EXERCISE: From the records below, output exactly the lines starting at the line with "கேரளத்தில் சக்கர நாற்காலியில்" and ending at the line with "On the other", both of them included, but no pictures.

WORKING DATA:
=-=-=-=-=

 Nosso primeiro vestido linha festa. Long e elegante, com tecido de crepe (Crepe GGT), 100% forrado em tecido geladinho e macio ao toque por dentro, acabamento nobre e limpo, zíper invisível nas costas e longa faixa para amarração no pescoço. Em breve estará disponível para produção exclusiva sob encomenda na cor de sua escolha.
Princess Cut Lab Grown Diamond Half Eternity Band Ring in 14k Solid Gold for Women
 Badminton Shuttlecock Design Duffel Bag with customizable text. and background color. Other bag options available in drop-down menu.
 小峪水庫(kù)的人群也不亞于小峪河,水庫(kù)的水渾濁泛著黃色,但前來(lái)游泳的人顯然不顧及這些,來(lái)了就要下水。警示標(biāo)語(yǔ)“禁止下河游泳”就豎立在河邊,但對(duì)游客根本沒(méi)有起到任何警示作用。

=-=-=-=-=

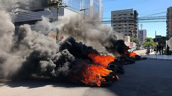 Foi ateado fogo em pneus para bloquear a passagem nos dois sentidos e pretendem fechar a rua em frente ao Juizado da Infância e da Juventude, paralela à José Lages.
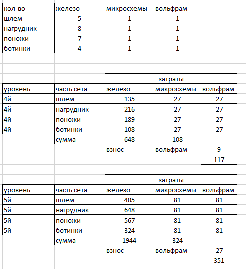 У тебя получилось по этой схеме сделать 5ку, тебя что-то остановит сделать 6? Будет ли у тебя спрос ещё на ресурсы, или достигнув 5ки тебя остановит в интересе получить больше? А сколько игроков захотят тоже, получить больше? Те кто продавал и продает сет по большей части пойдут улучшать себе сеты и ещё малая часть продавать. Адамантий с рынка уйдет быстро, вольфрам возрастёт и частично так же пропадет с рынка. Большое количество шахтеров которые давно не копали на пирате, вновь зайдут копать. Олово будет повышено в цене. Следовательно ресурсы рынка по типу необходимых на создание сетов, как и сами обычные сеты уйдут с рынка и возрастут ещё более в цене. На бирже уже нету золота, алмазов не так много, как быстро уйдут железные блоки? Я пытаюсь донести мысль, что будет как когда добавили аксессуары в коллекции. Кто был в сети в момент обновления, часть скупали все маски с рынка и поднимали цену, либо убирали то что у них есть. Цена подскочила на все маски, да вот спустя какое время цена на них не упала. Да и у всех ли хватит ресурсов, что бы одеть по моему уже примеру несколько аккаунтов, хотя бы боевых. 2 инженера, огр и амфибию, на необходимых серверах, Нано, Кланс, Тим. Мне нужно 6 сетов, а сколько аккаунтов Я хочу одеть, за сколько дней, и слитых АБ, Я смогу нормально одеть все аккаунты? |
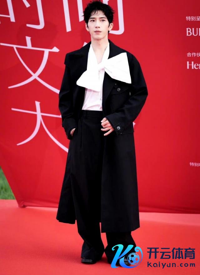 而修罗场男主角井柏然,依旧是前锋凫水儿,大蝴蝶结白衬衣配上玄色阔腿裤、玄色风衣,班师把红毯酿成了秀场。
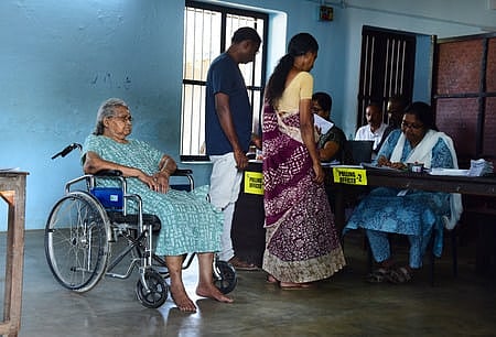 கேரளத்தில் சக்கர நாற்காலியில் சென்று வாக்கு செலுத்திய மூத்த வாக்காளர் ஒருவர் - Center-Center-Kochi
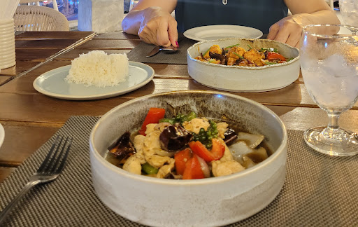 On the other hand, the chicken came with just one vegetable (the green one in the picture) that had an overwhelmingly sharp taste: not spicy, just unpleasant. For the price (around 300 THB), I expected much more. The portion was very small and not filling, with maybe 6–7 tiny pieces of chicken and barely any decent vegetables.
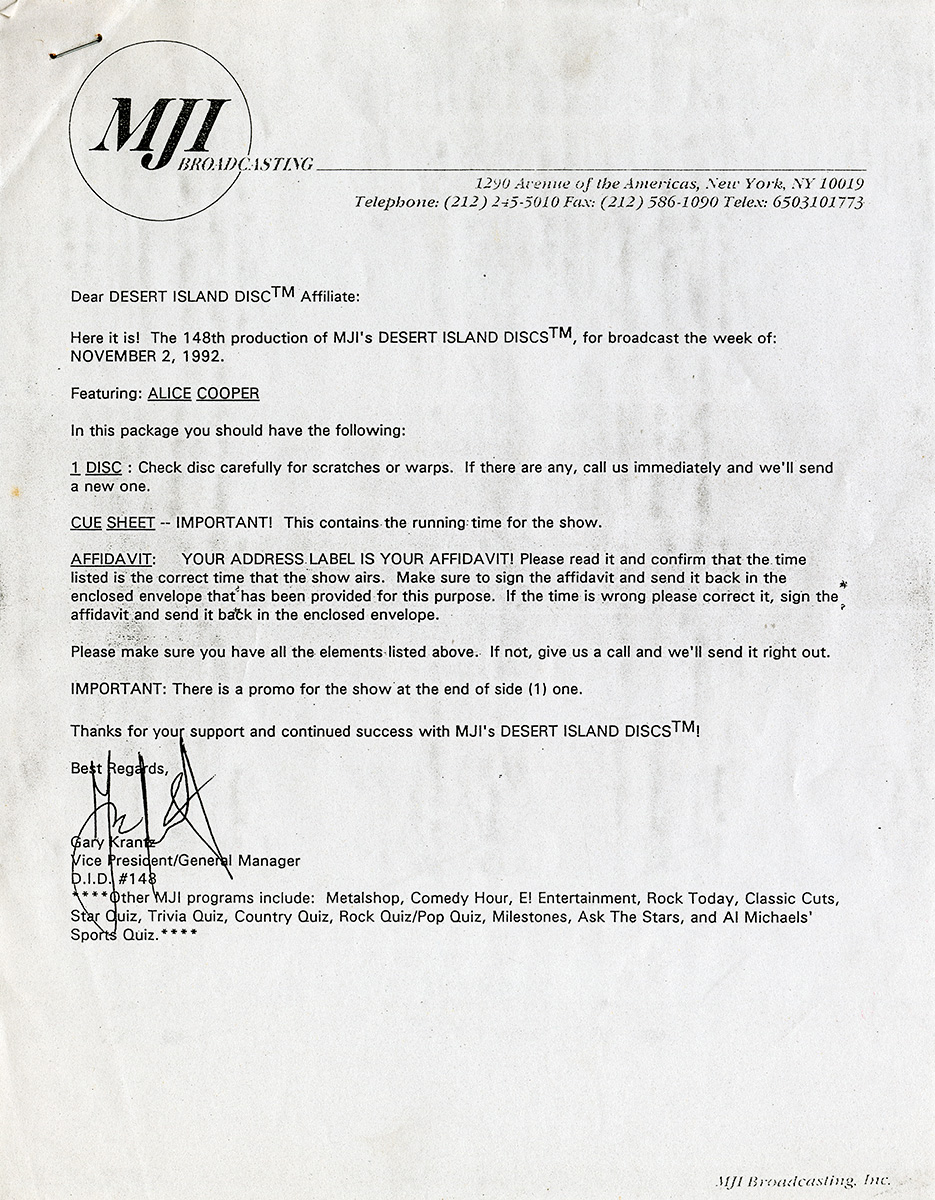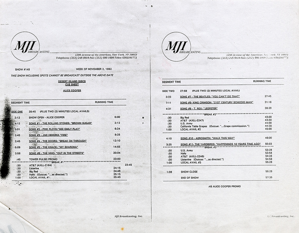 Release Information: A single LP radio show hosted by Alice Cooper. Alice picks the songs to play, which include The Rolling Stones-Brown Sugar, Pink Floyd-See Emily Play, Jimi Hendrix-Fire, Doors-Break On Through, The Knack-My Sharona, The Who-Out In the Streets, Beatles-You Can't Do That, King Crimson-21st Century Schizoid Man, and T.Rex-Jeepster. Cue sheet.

=-=-=-=-=

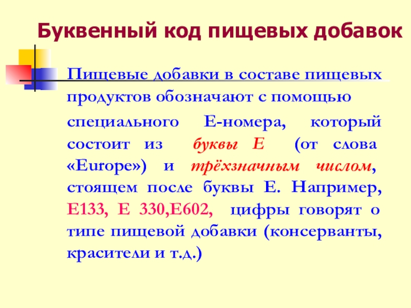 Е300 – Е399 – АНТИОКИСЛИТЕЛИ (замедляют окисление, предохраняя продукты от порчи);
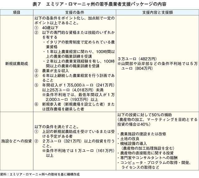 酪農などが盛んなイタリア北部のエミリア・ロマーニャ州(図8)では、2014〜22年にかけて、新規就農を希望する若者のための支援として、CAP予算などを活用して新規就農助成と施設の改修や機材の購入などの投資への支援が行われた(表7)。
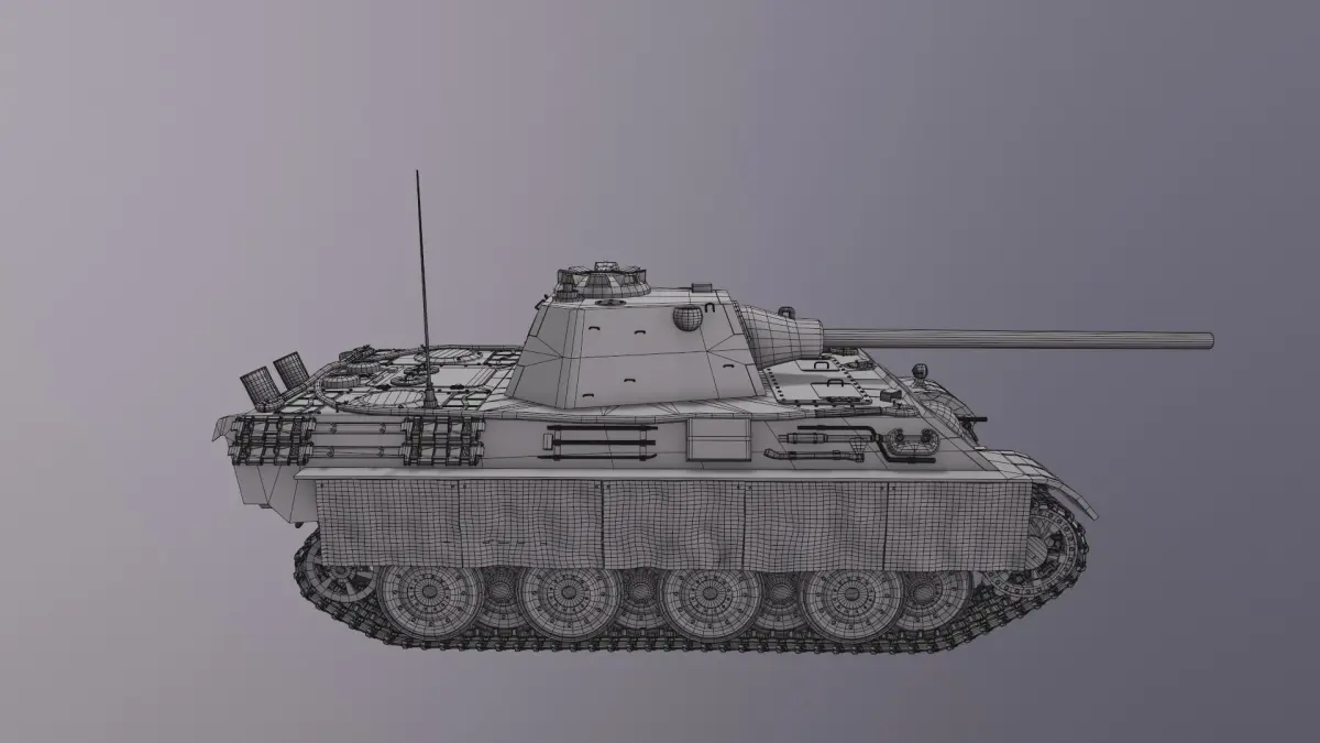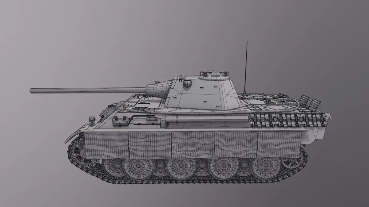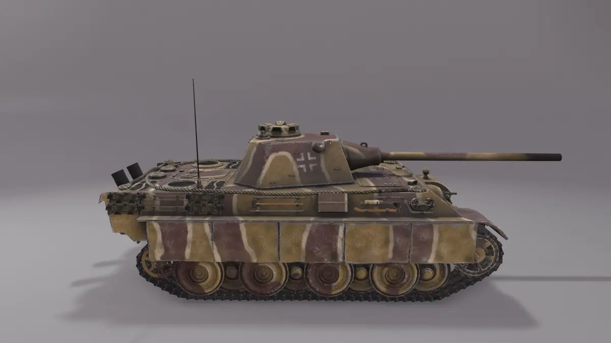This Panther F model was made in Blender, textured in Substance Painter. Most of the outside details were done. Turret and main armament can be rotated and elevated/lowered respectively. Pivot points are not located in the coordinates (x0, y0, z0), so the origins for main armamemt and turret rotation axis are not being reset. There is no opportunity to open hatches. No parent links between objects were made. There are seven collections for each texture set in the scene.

=-=-=-=-=

REPLY:
 கேரளத்தில் சக்கர நாற்காலியில் சென்று வாக்கு செலுத்திய மூத்த வாக்காளர் ஒருவர் - Center-Center-Kochi
 On the other hand, the chicken came with just one vegetable (the green one in the picture) that had an overwhelmingly sharp taste: not spicy, just unpleasant. For the price (around 300 THB), I expected much more. The portion was very small and not filling, with maybe 6–7 tiny pieces of chicken and barely any decent vegetables.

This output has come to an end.